Executive Session Meetings
Executive sessions of the board of directors are provided by statute so boards can address issues involving privileged information and matters of a private nature. Consequently, members do not have the right to attend executive sessions. Boards may go into executive session for the following matters:
- Legal issues. Boards may go into executive session to consider or discuss litigation.
- Formation of Contacts. Boards may consider matters relating to the formation of contracts with third parties.
- Disciplinary Hearings. Boards should always meet in executive session for disciplinary hearings. The accused member is entitled to attend the executive session for that portion of the meeting dealing with his or her hearing.
- Payment Plans. Boards may meet with members in executive session to discuss requests by delinquent homeowners for payment plans.
- Personnel issues. Personnel matters which include, but are not limited to, hiring, termination, raises, disciplinary matters, and performance reviews.
- Foreclosures. The decision to initiate foreclosure actions must be made only by the board of directors and may not be delegated to an agent of the association. The board must approve the decision to foreclose by a majority vote of the directors in executive session.
Executive session meetings can be held by any of the following methods:
- In Person. Directors can meet in person at a location permitted in the governing documents.
- Telephone – Video. Directors can meet via telephone or video conference.
- Unanimous Written Consent. A “unanimous written consent” may be used for emergency actions only.
Email meetings are prohibited.
As stated above, members do not have the right to attend executive session meetings. However, that does not mean the meetings are limited only to directors. Directors, managers, recording secretaries, the association’s attorney, members subject to disciplinary action as well as witnesses (but only for the portion of the meeting involving the disciplinary hearing), and others invited by the board (such as contractors bidding on a project) may attend an executive session meeting.
Unless otherwise stated in the governing documents, executive board meetings may be called by the chairman or president or any vice president or the secretary or any two directors. An emergency meeting of the board may be called by the president or by any two members of the board other than the president. Email discussion of director availability for the meeting as well as the date and time for the meeting is permitted. Scheduling discussions are not deemed “board meetings” and do not violate the Davis-Stirling Act.

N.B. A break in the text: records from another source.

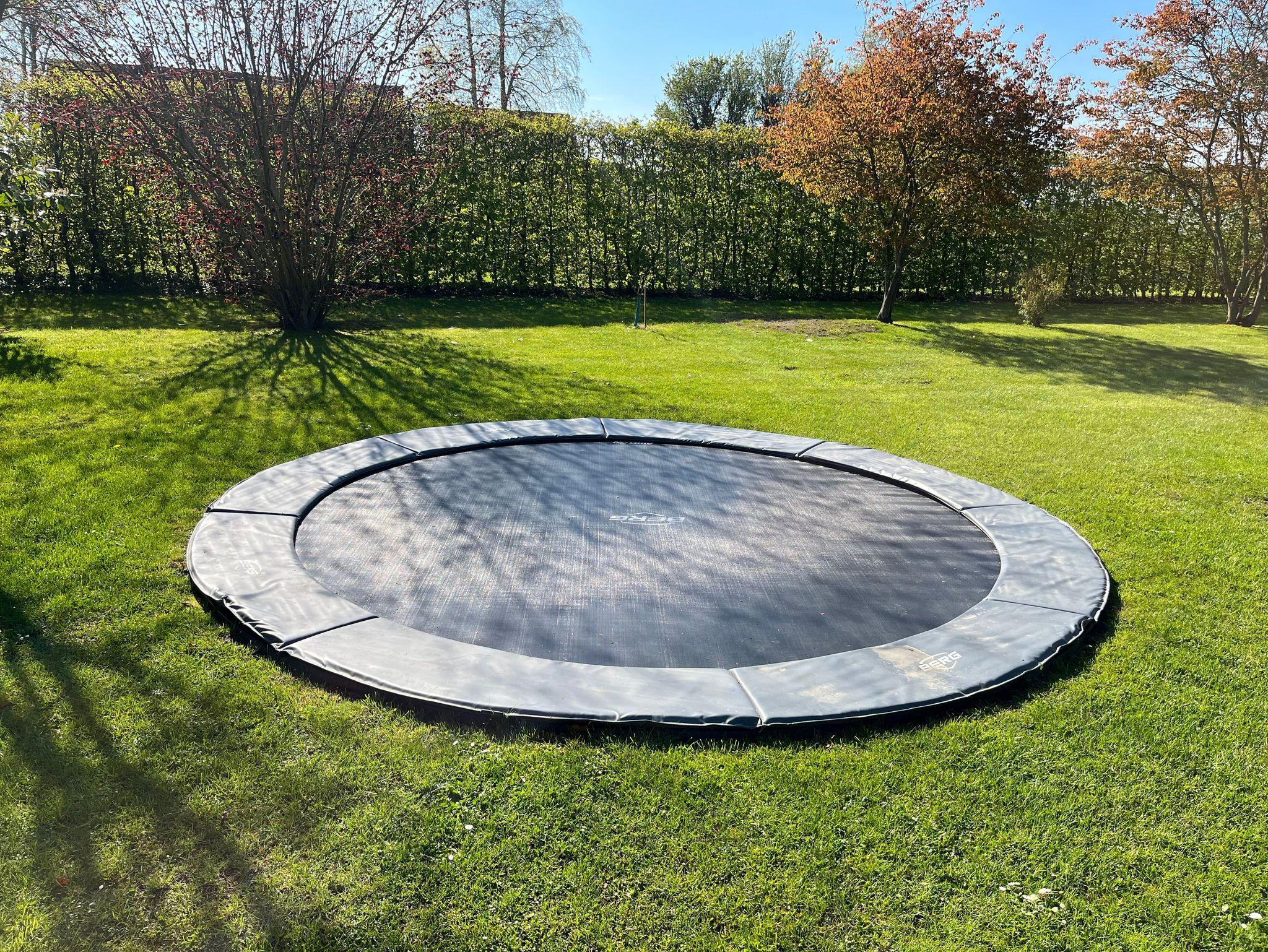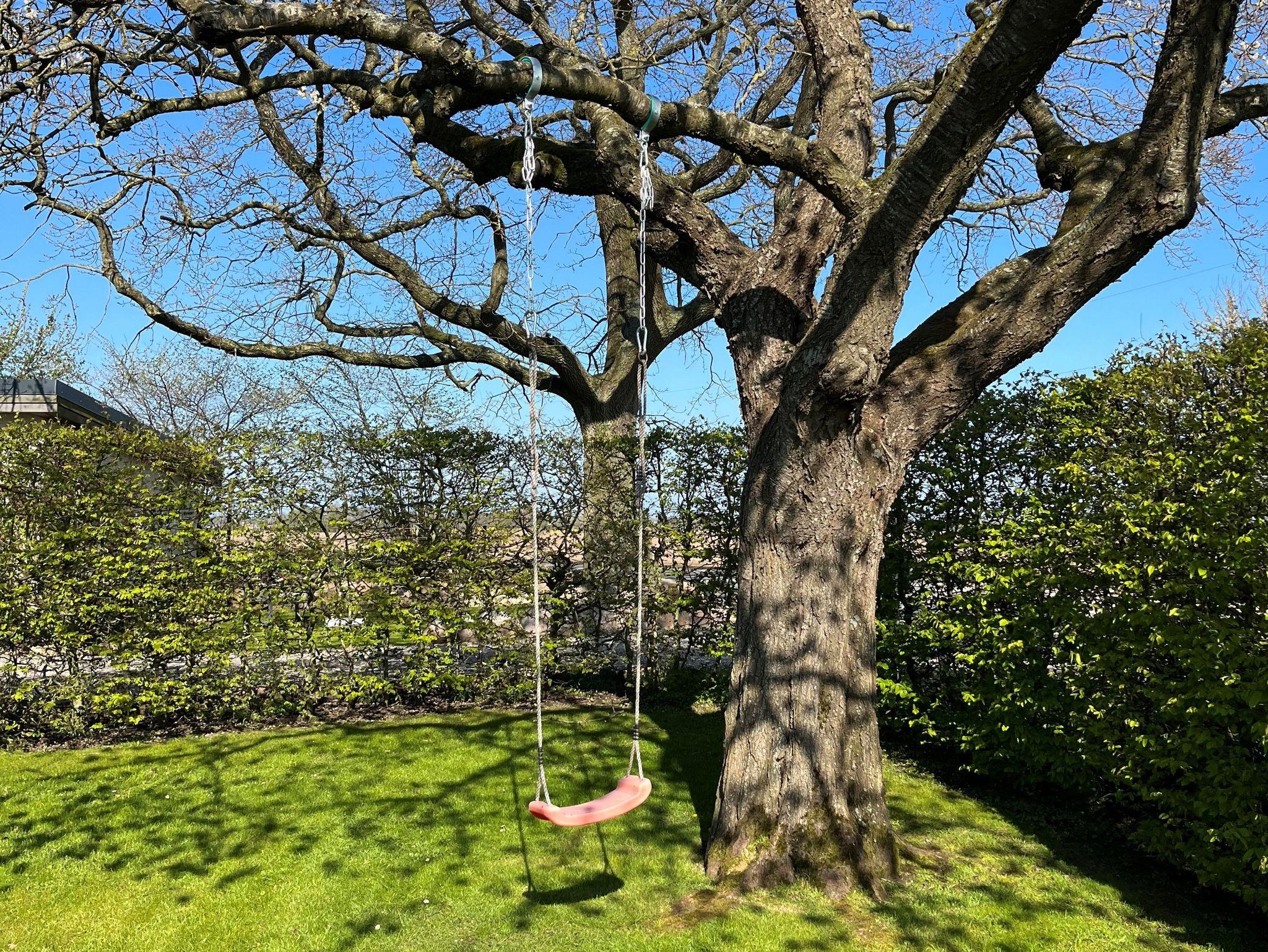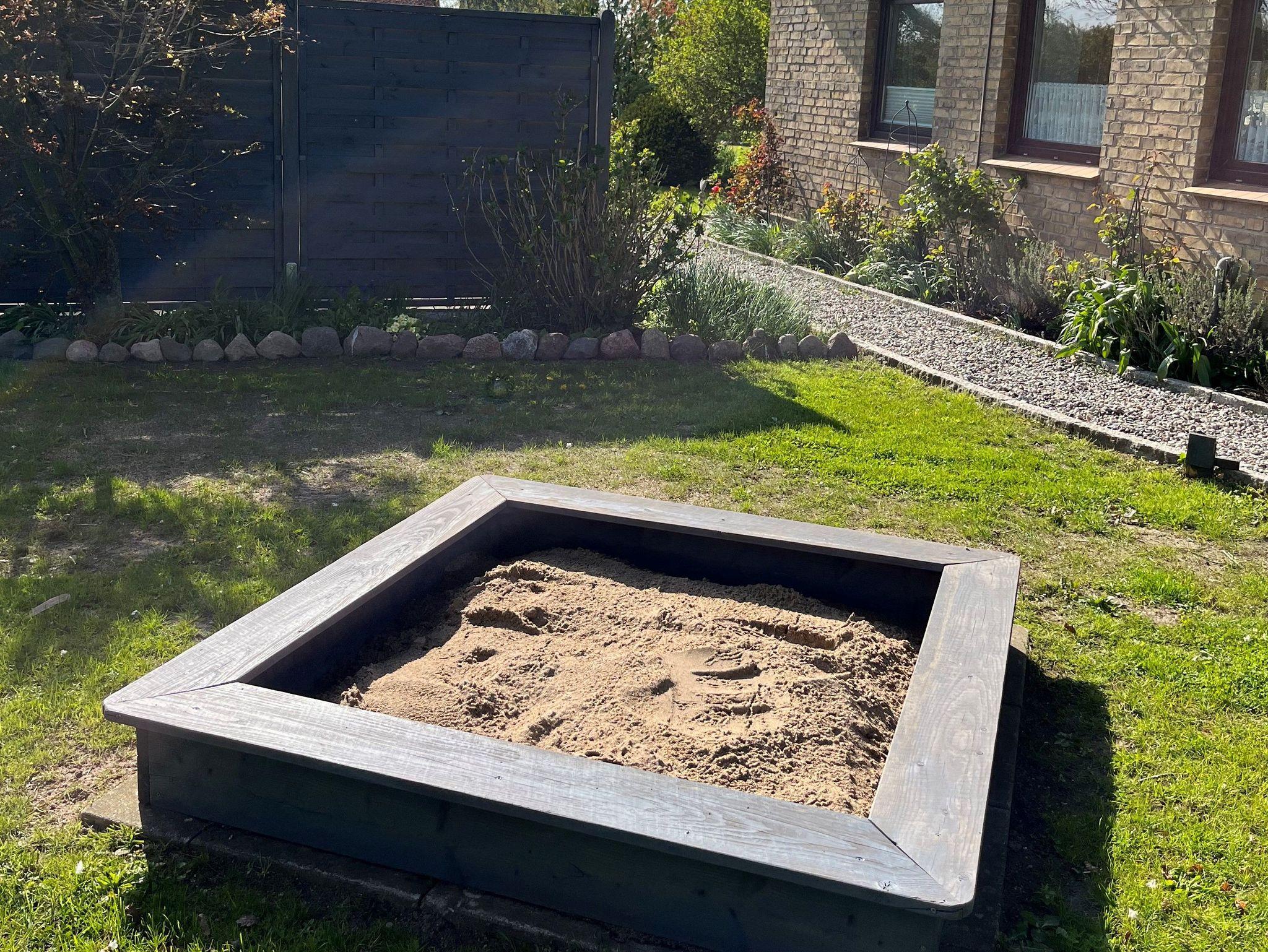 Außenbereich: eingezäunter Garten mit Sandkiste, Schaukel und Trampolin, möblierte Terrasse (Sonnenschirm vorhanden), Parkplatz, Garage mit Lademöglichkeit für Elektrofahrzeuge (gegen Gebühr; eigenes Ladekabel erforderlich)
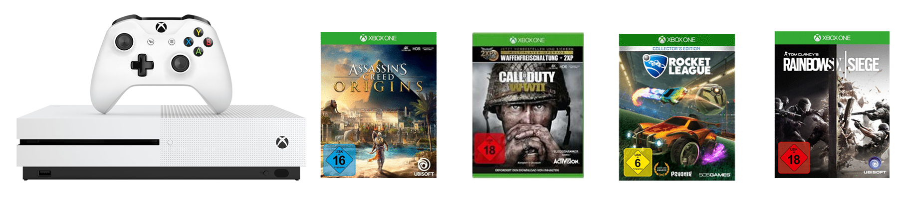 Amazon bietet euch gerade diverse Xbox One S Bundles zum guten Preis an. Neben der Konsole sind auch heiße Titel wie Assassins‘s Creed Origins oder Call of Duty: WWII mit in der Verlosung. Wer sich ein Paket schnüren möchte, kann im Preisvergleich ordentlich sparen. Eine Auflistung aller Bundles findet ihr natürlich im Artikel.
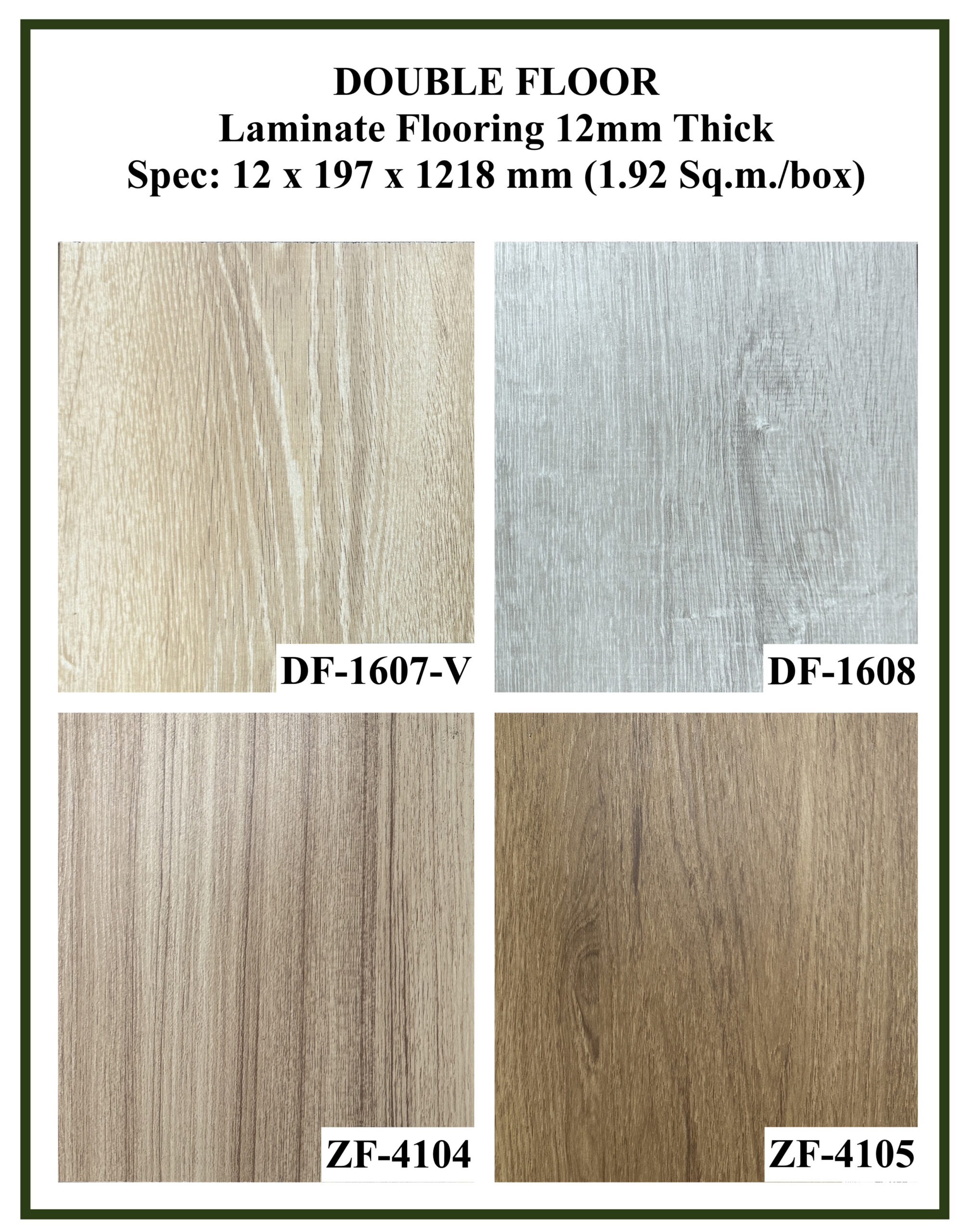 - พื้นไม้ลามิเนต ความหนา 12 มิลลิเมตร และ แบบร่องวี กว้าง 8 นิ้ว ยาว 1.20 เมตร
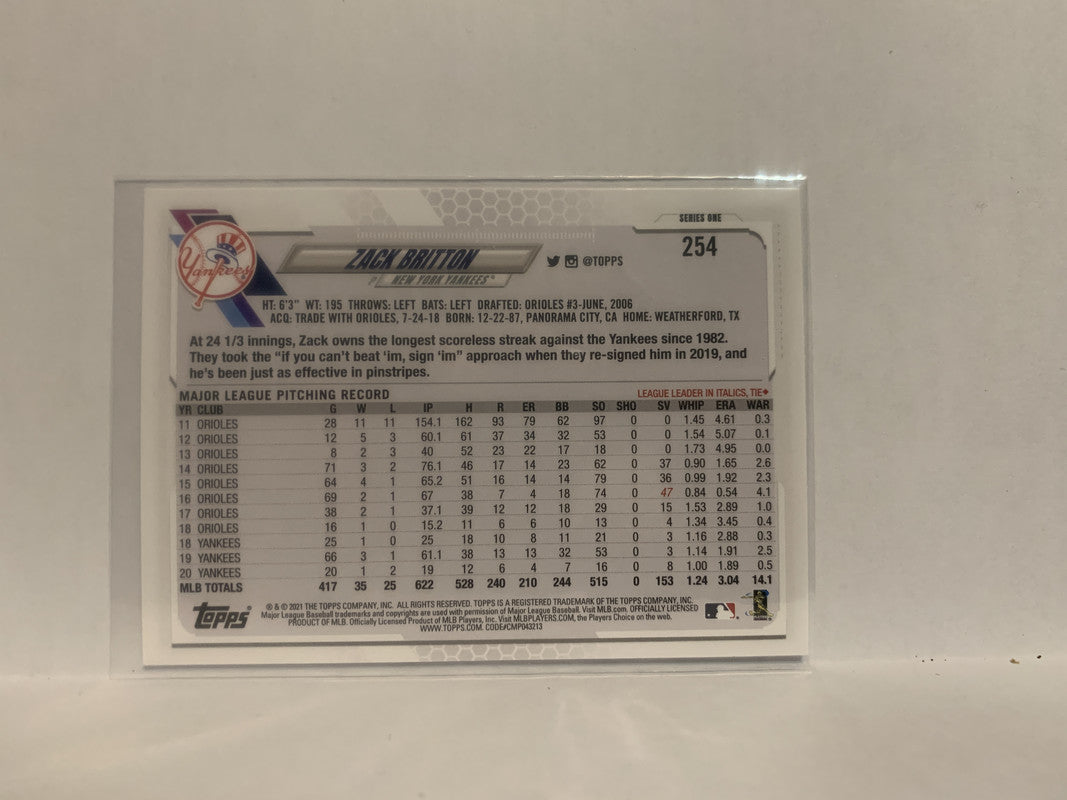 #254 Zack Britton New York Yankees 2021 Topps Series One Baseball Card
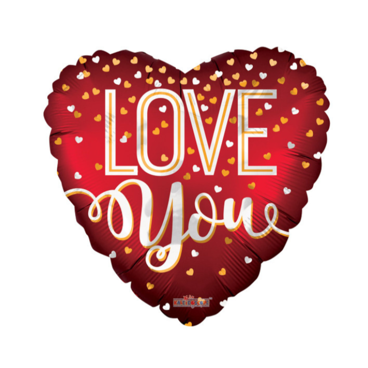 Express your affection with this 36-inch Love You Red Matte Balloon, featuring the heartfelt message "Love You" surrounded by delicate white and gold hearts. This elegant balloon is perfect for Valentine’s Day, anniversaries, weddings, or any celebration of love.
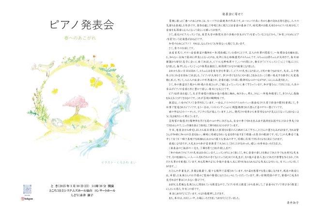 毎年、ピアノ発表会を開いています。
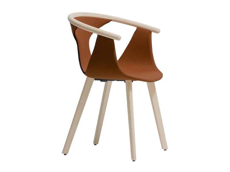 - Armchair with polyurethane foam padded shell, bent solid ash wood backrest and solid ash wood legs;
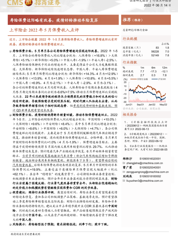 【海通证券】【20220614】上市险企2022年5月保费收入点评-3页 证券期货研究报告
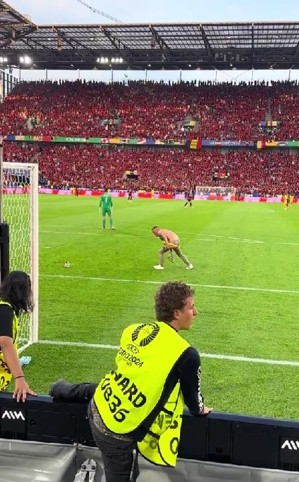 Ce a făcut un spectator român, în pielea goală, după ce a intrat în teren: „Ia, bă, adidasu'”. Imagini virale de la meciul României!
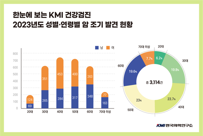 KMI한국의학연구소, 2023년 암 3,114건 조기 발견건강검진 후 진료의뢰건 등 분석...갑상선암>위암>대장직장암>유방암 순【후생신보】 KMI한국의학연구소(이하 KMI)는 지난해 KMI 건강검진을 통해 총 3,114건의 암을 조기에 발견했다고 25일 밝혔다.
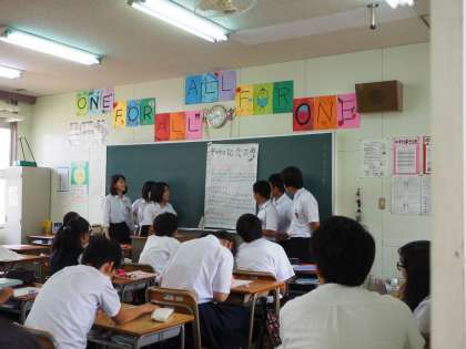 この発表の為に、班ごとに様々な思考をこらした模造紙を仕上げてきました。今日の発表で各クラスから代表班が選ばれる予定です。代表の班は8月6日(木)に予定されている登校日に、全体に向けて発表をする予定になっています。
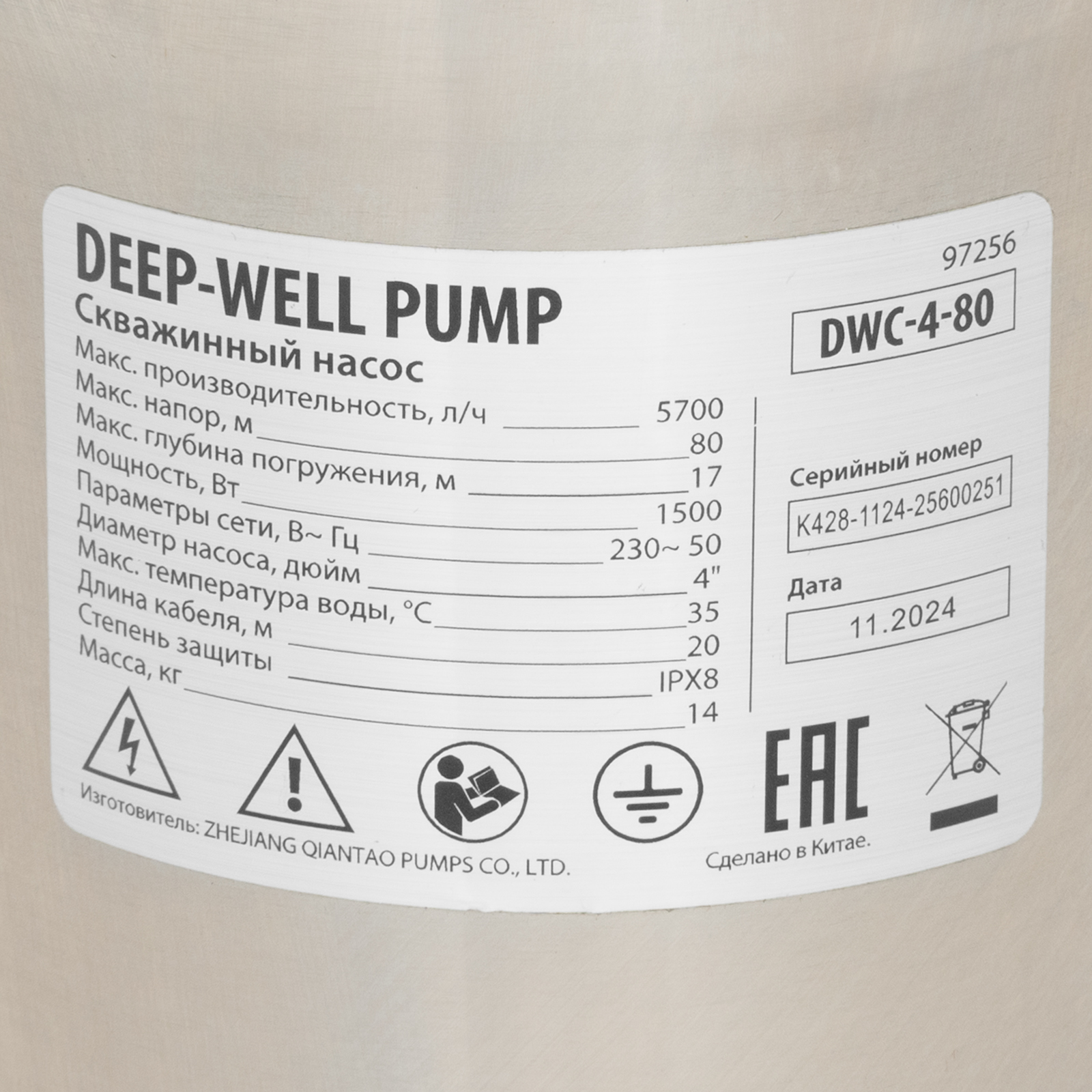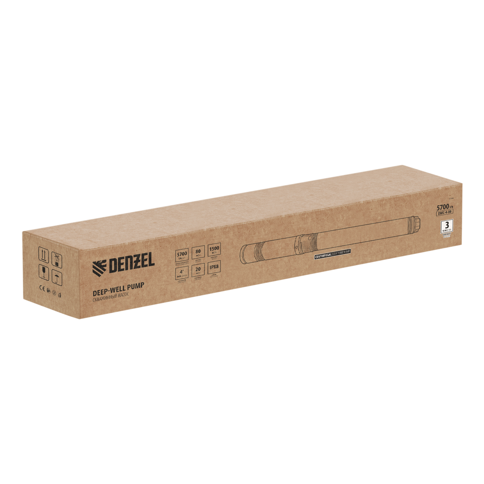 Скважинный насос DWC-4-80, центробежный, диаметр 4", 1500 Вт, 5700 л/ч, напор 80 м Denzel в Воронеже

Members must be provided notice of executive session meetings of the board. This is required regardless of anything to the contrary in an association’s governing documents.
If an executive session is to be held with a scheduled open meeting of the board, the notice of the executive session must be included in the open meeting’s four day notice and generally noted in the open meeting agenda.
If a non-emergency meetings is to be held solely in executive session, members must be given notice of the time and place of the meeting at least two (2) days prior to the meeting. If an association’s governing documents require a longer notice, the longer notice is required.
Notice of meetings must be posted in a prominent place or places in the common area and by mail to any owner who had requested notice by mail (at the address requested by the owner). In addition, notice may be given by mail, by delivery of the notice to each unit in the development, by newsletter or similar means of communication, or with the consent of the member, by email.
Notices of executive session meetings must contain an agenda for the meeting. Because executive sessions are confidential and topics are only generally noted in open meeting minutes, agenda descriptions should be brief and general in nature.
Boards must keep minutes of their executive session meetings and generally memorialize their sessions in the minutes of the next open meeting of the board.
Directors who violate the confidential nature of information gained in executive sessions are subject to censure, and personal liability for their conduct. Such violations are serious and can have great consequences.